== Segment start ==
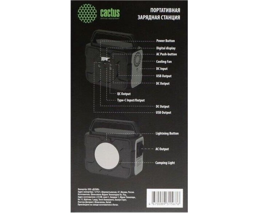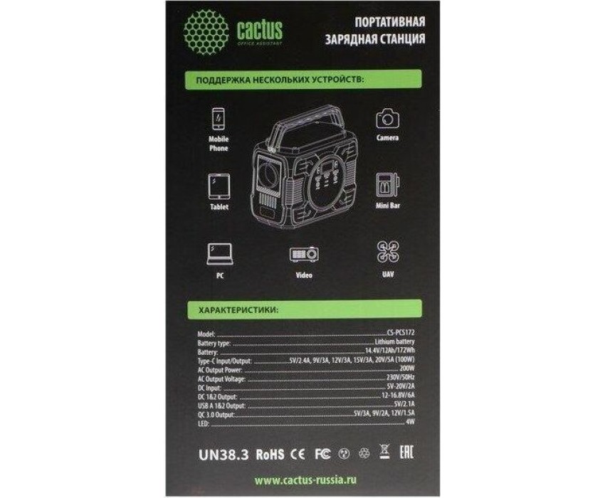 CACTUS Электростанция портативная CS-PCS172 48000mAh 5A 3xUSB черный
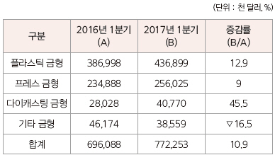 최근 우리나라 금형산업은 장기 경기 침체가 지속되는 가운데 미국의 금리 인상과 보호무역주의 확산, 중국의 경기 제재 조치 등으로 대외 리스크가 커지며 어려움이 날로 더해가고 있다. 국내 주요 경제 연구기관들이 올 초 한국의 성장 전망을 2%를 겨우 웃돌 것으로 전망하며 올해 경제 역시 난항을 겪을 것으로 예상하고 있다. 이러한 가운데 올해 1분기 금형 수출은 전년대비 10.9% 증가하여 순조로운 출발을 보였다.
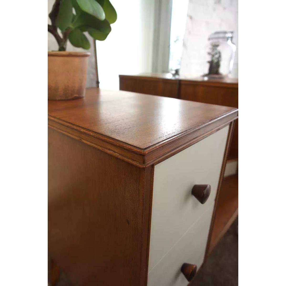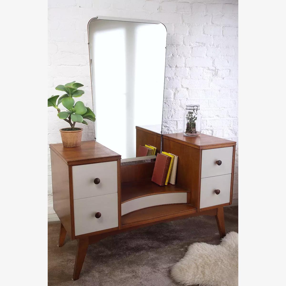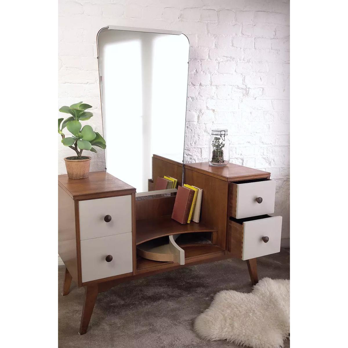 Vintage wooden 1960s high back mirrored dressing table with unusual hidden pivot drawer in the centre. Finished in the original lacquer style with pale dove paint used to finish drawer fronts. *Please note: This item is not eligible for Next Day Delivery. For any large Furniture, delivery can take between 1-2 weeks and we cannot deliver this outside of UK mainland. All Urban Renewal Vintage homeware is non-returnable. * **About Urban Renewal Remade From Vintage** \- Upcycled pieces using vintage materials sourced from the experts at Originall Creations **Content + Care** \- Wood \- Avoid placing hot or wet objects directly onto the surface \- Wipe with a clean, dry cloth **Size** \- H: 147cm x W: 108cm x D: 46cm
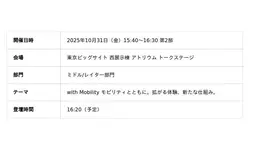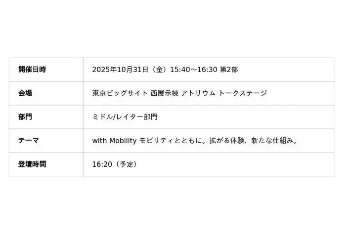 Japan Mobility Show 2025は、一般社団法人日本自動車工業会が主催する国内最大級のモビリティイベントです。今回、ユビ電は予選を通過し、ミドル/レイター部門の決勝進出15社に選出されました。「with Mobility モビリティとともに。拡がる体験、新たな仕組み。」のテーマで登壇し、マンション向けEV充電サービス「WeCharge」を通じた、新しいEVライフの実現について発表します。
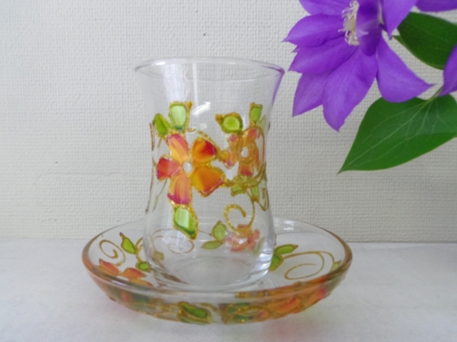 花柄のチャイ(紅茶)用グラス&ソーサー。
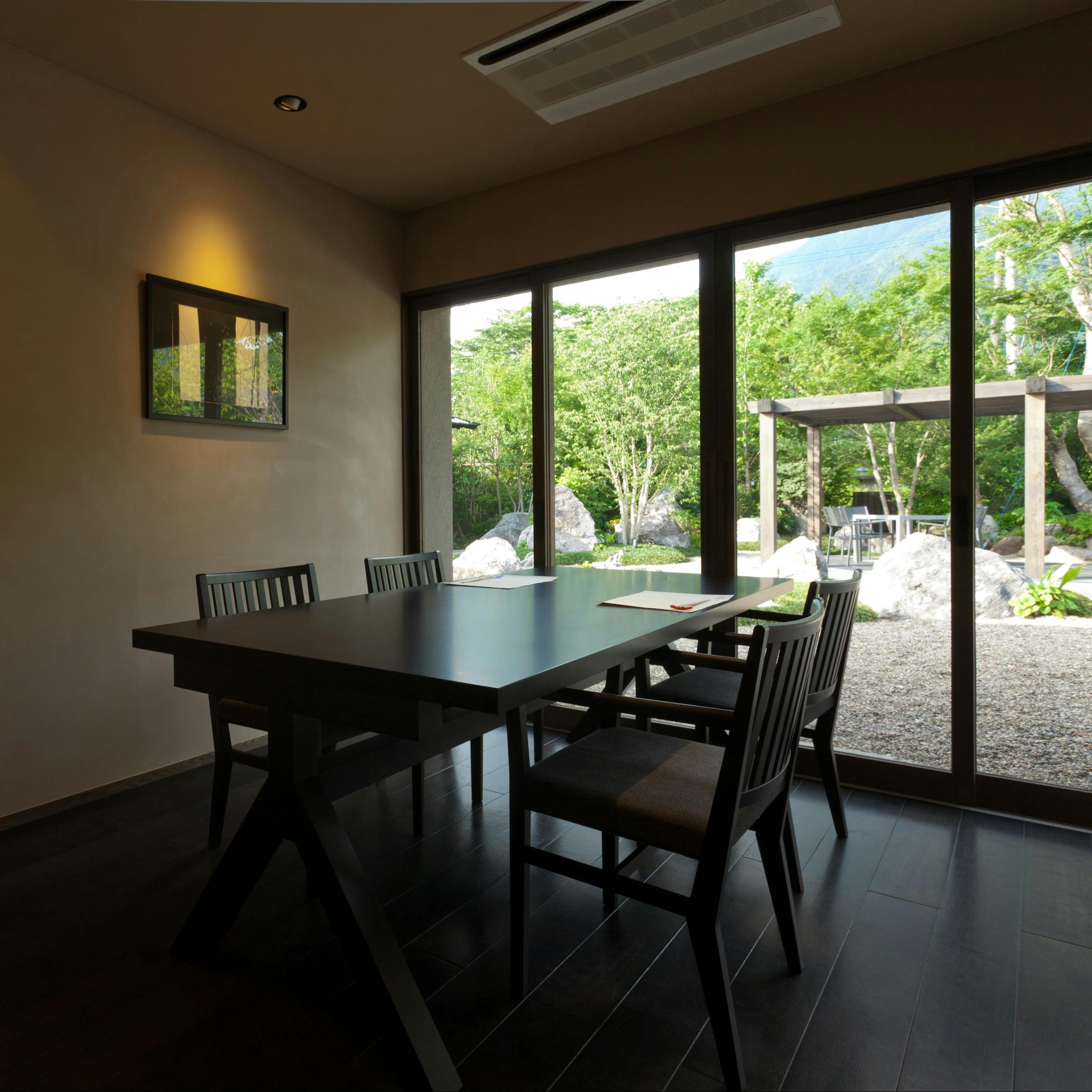 贅を尽くした食材とこだわりの器、行き届いたもてなし、そして熟練の匠の技による料理を存分にお楽しみいただけます。大きな梁や漆喰壁、石張りの床に暖炉。ラグジュアリーかつモダンな空間に、和のテイストが融合した「ダイニング 十和蔵」。地元産の食材や旬の食材を厳選し、有田焼や富山の職人が手がけるガラス食器などを用いて、芸術的な創作会席をご用意いたします。由布院の豊かな土壌が育んだ食材を用いて、季節感あふれる創作会席に仕上げます。
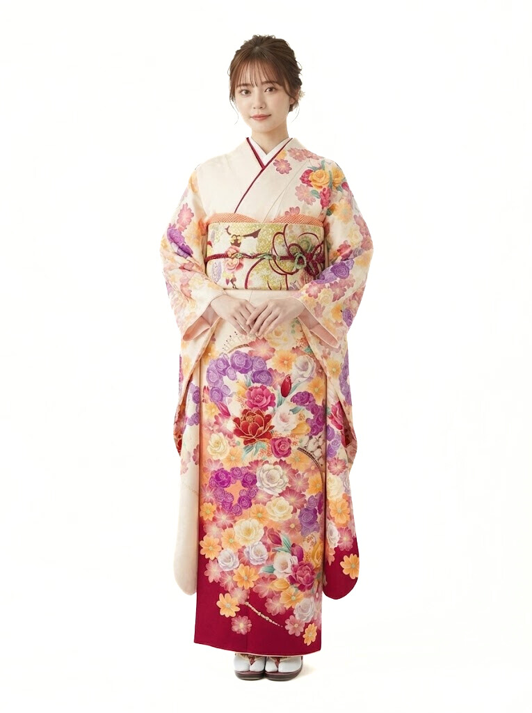 振袖|白系|薔薇 洋花|対応身長:153-165cm|サイズ:7号-13号 |6S593
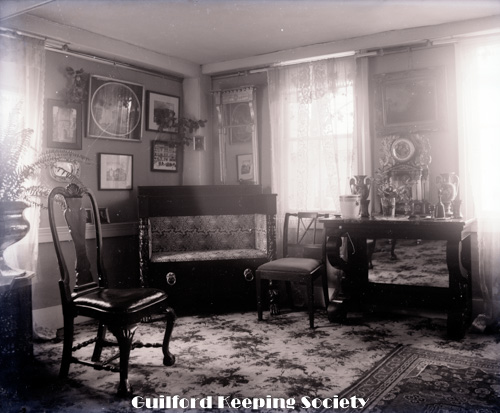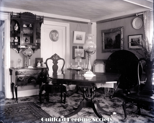 roomful of antiques. chairs, lighting devices, table. at Eva and Edward Leete’s house 96 Fair St.
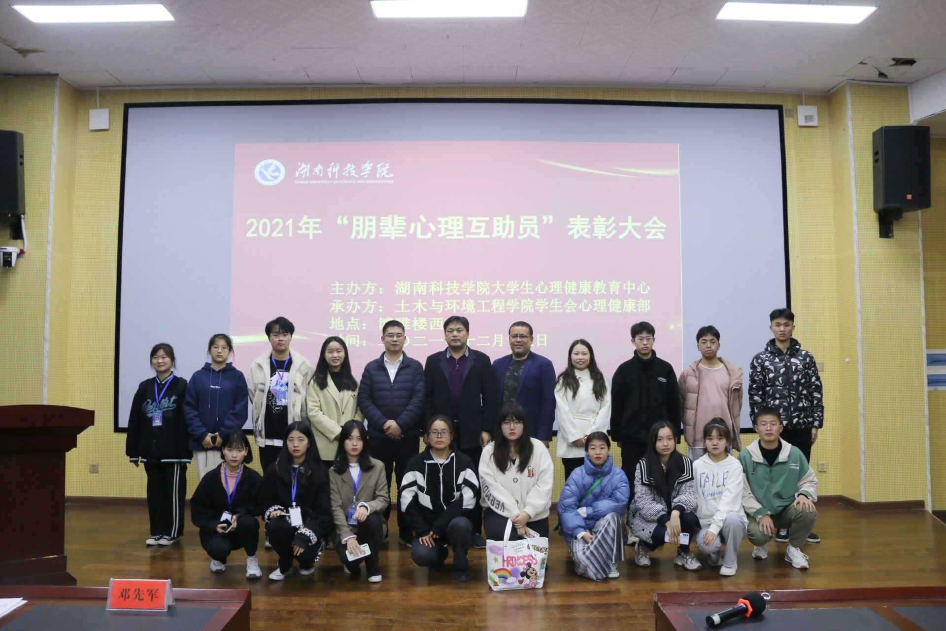 | 举行朋辈心理互助员表彰大会 本网讯(通讯员 王晶晶) 12月15日晚,由学工部大学生心理健康教育中心主办,土木与环境工程学院学生会心理健康部承办的304am永利集团官网2021年朋辈心理互助员表彰大会在博雅楼西三举行。土木与环境工程学院党总支书记邓先军、学工办主任张亚南、304am永利集团官网大学生心理健康教育中心副主任涂巍及各学院心理专干老师出席,受表彰的全体朋辈心理互助员参加。会议由土木与环境工程学院辅导员、心理专干王晶晶主持。 表彰会上,播放了各学院心理活动风采视频。接着,王晶晶宣读《304am永利集团官网学生处关于表彰2021年“优秀朋辈心理互助员”的决定》 ,出席会议的领导、老师依次为获得“优秀心理部部长”、“优秀心理部干事”、“优秀心理委员”、“优秀心理信息员”的同学颁奖。随后,获奖代表发言。优秀心理信息员,理学院数应2004班肖霞表示对可能存在心理危机的同学,要及时发现和上报;优秀心理委员,外国语学院日语2001班周子杰表示要积极发挥心理委员作用,开展形式多样的心理活动;优秀心理部部长,土木与环境工程学院工管1903班朱雯认为,做好心理部长最重要的是具备五心——爱心、细心、耐心、关心、责任心。最后,观看了2021年心理微视频大赛一等奖获得者视频——马克思主义学院思政2002班郑艳多、黄晓慧制作的《防“抑”运动,向emo突击》。 涂巍对获奖同学表示热烈的祝贺和衷心的感谢,对受表彰的朋辈心理互助员提出了3点希望:一是科学认识,正确对待;二是积极向上,保持活力;三是用心感悟,生活幸福。邓先军对获奖的同学表示祝贺,对各位心理健康指导老师、心理专干、心理部干部、心理委员、心理信息员的辛勤付出表示赞赏和感谢,他说,正是我们这一群“心灵的守护者“默默无闻的付出,让校园有了更多的爱和温暖,让全校一万六千余名学生能够开心学习、生活,平安、健康成长,让学校和学生家庭更放心,最后他说,心理健康服务工作对促进同学们顺利成长成才十分重要,希望大家再接再厉,持之以恒地做好这项工作,并进一步提高工作能力、水平,更好地为广大同学保驾护航。
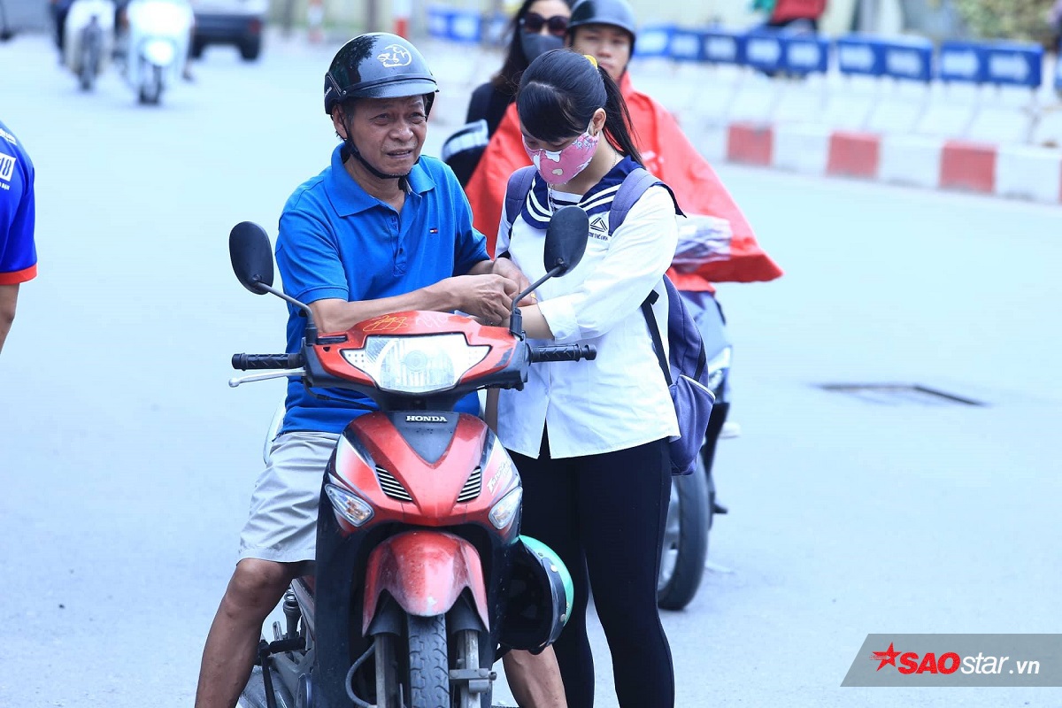 Nữ thí sinh được cha “hộ tống” đến điểm thi.
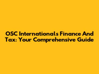 OSC International's Finance And Tax: Your Comprehensive Guide
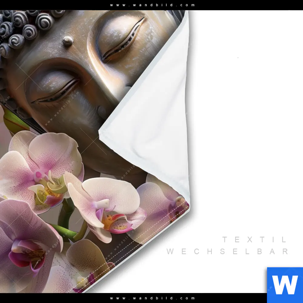 Wechselmotiv Textil | Buddha & Orchideen | Quadrat
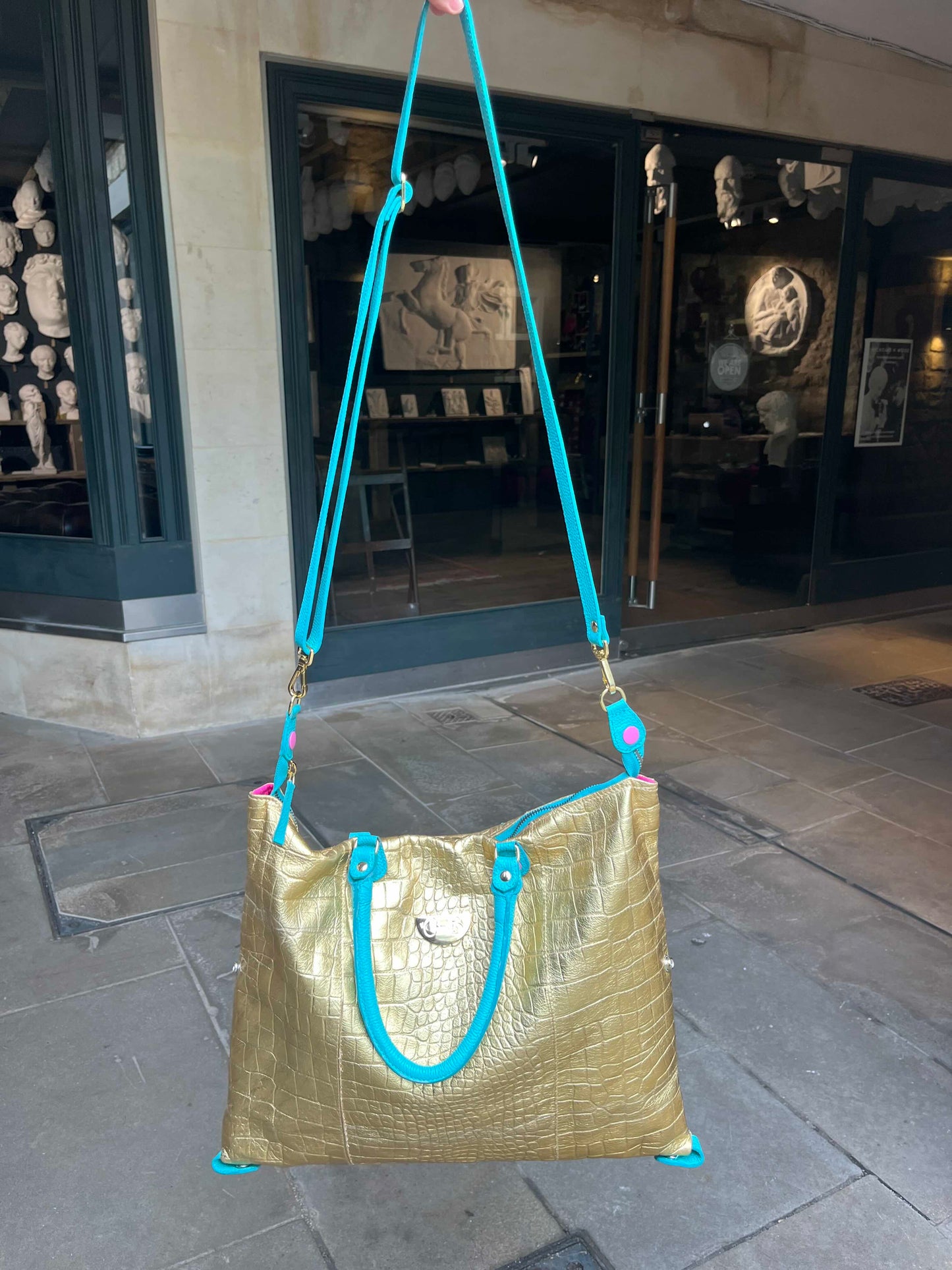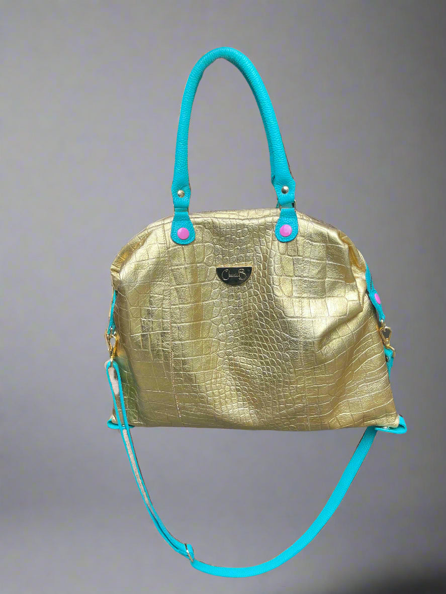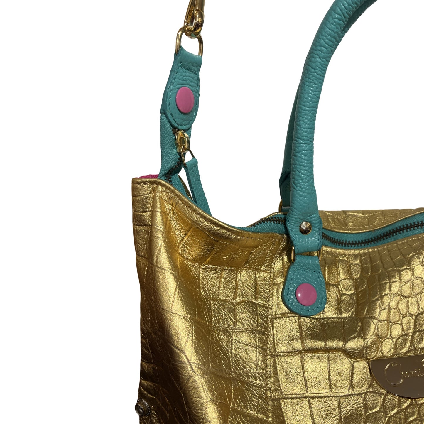 Luxurious medium sized gold leather handbag with exquisite textured leather and turquoise with pink buttons!
== Segment end ==
- [TASK TO CARRY OUT]: Exact repeat of the material above: every line from the one with "贅を尽くした食材とこだわりの" through the one with "roomful of antiques.", endpoints included, and nothing more. No pictures.

- [RESPONSE AREA]:
 贅を尽くした食材とこだわりの器、行き届いたもてなし、そして熟練の匠の技による料理を存分にお楽しみいただけます。大きな梁や漆喰壁、石張りの床に暖炉。ラグジュアリーかつモダンな空間に、和のテイストが融合した「ダイニング 十和蔵」。地元産の食材や旬の食材を厳選し、有田焼や富山の職人が手がけるガラス食器などを用いて、芸術的な創作会席をご用意いたします。由布院の豊かな土壌が育んだ食材を用いて、季節感あふれる創作会席に仕上げます。
 振袖|白系|薔薇 洋花|対応身長:153-165cm|サイズ:7号-13号 |6S593
 roomful of antiques. chairs, lighting devices, table. at Eva and Edward Leete’s house 96 Fair St.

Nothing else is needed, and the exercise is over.